Sitemaps are created in the Google Sitemaps app.

To create a new sitemap,

  • Click Add sitemap. You can arrange your sitemaps in folders if you like.
  • Site Map Properties:
    • Name: The internal name of the sitemap. It is used in the URL that renders the sitemap. See Viewing the sitemap.
    • URI: Optional. Virtual URI that redirects visitors to the actual sitemap page. Useful for shortening a long URI.
    • Include virtual URIs: Select to include any defined virtual URIs.  Virtual URI mappings are a Magnolia method of redirecting requests and shortening URLs. The apps reads all virtual URI mappings from the system and lists them in the Virtual URIs subapp .
    • Site map type: Two sitemap types are available, Standard and Mobile. Google recommends that you use separate sitemaps for different content types. Mobile sitemaps use compliant mobile-specific tag and namespace requirements.
  • Site Selection:
    • Sites: Select the relevant site in the Pages chooser. You can also select subpages as the root node to, for example, create different sitemaps for site sections.

      The root node of the selection will not be included in the site map. Assume you have the following trees: /a/b/c and /a/b/d. If you select /a/b as the root of the sitemap, only pages under c and d will be included in the map. The root node b will not be included.

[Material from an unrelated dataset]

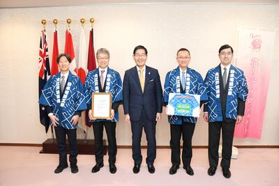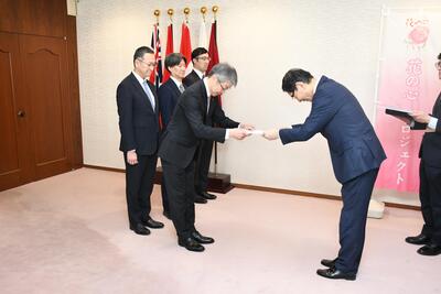 日本電設工業株式会社の皆様(中央:服部台東区長)
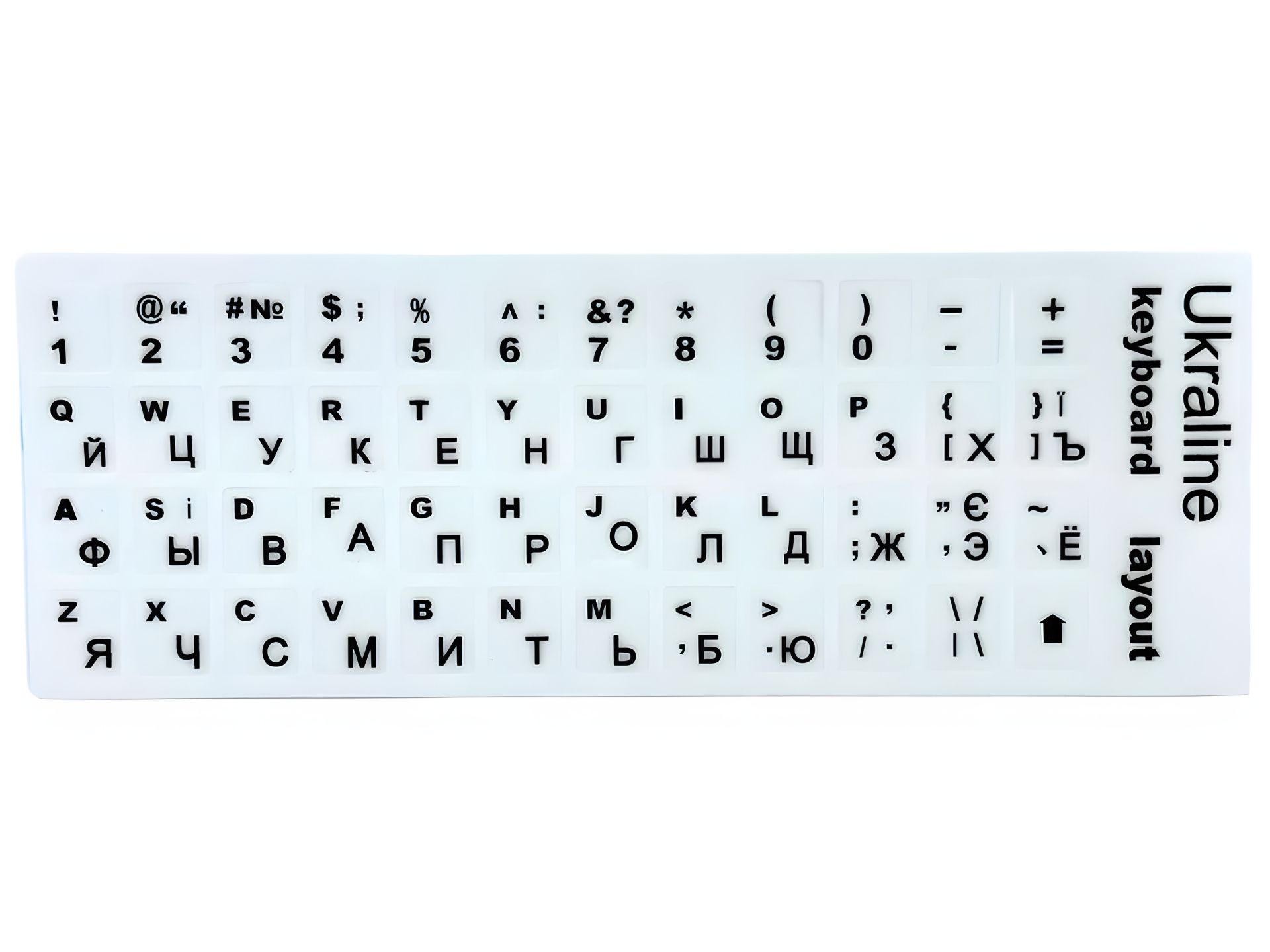 Наклейки Ukraine – це практичне рішення для тих, хто хоче відновити стерті символи на клавішах або додати розкладку на клавіатуру. Виготовлені із міцного зносостійкого матеріалу, вони забезпечують надійну фіксацію, довговічність та читання символів навіть при інтенсивному використанні.

      Sitemap links are generated using the protocol that is defined in your site definition. The default protocol is HTTP. If you want HTTPS define the protocol in domain mapping.

  • Default Value Selection:
    • Change frequency: Select the default value of Change frequency to use in the current site map.
    • Priority: Select the default priority value to use in the current site map.

The default values displayed in the Default Values Selection tab are configured in /modules/google-sitemap/config.

Node nameValue

 modules

 

 google-sitemap

 

 config

 

 changeFrequency

weekly

 priority

 0.5

Editing sitemap entries

To edit the individual sitemap entries click Edit site map entries. The site pages display in an expandable tree and you can set properties for each page.

To define properties for the entries click Edit entry properties:

  • Priority: Priority of the page relative to other pages on the site. Values range from 0.0 (low) to 1.0 (high). Default is 0.5. Set the priority of your most important page to 1.0. Setting all pages to 1.0 does not increase the rank of your site in search results since the importance is a relative measure among pages of the same site. A search engine may choose to rank the page higher than other pages of the site based on the value, however. See priority in XML Sitemap protocol.
  • Change frequency: Suggested frequency for search engines to crawl the page. Valid values are: always, hourly, daily, weekly, monthly, yearly and never. Use the value always for pages that change each time they are accessed. Use never for archived pages that will never change. See changefreq in XML Sitemap protocol.
  • Hide: Excludes a page from the sitemap. Child pages are not excluded automatically. (warning) The hideIngoogleSiteMap property is stored in the page itself. This means you need to activate the page. Publishing the sitemap only is not enough.
  • Hide children: Excludes child pages from the sitemap. To exclude both a parent and its children check both  boxes.

Editing virtual URI entries

If you included virtual URIs in the sitemap you can edit their properties. Click Edit virtual URI entries to open the Virtual URIs subapp. The pages display as individual entries (as opposed to a  tree) and you can set the same properties that are available for pages, except Hide children that is inapplicable.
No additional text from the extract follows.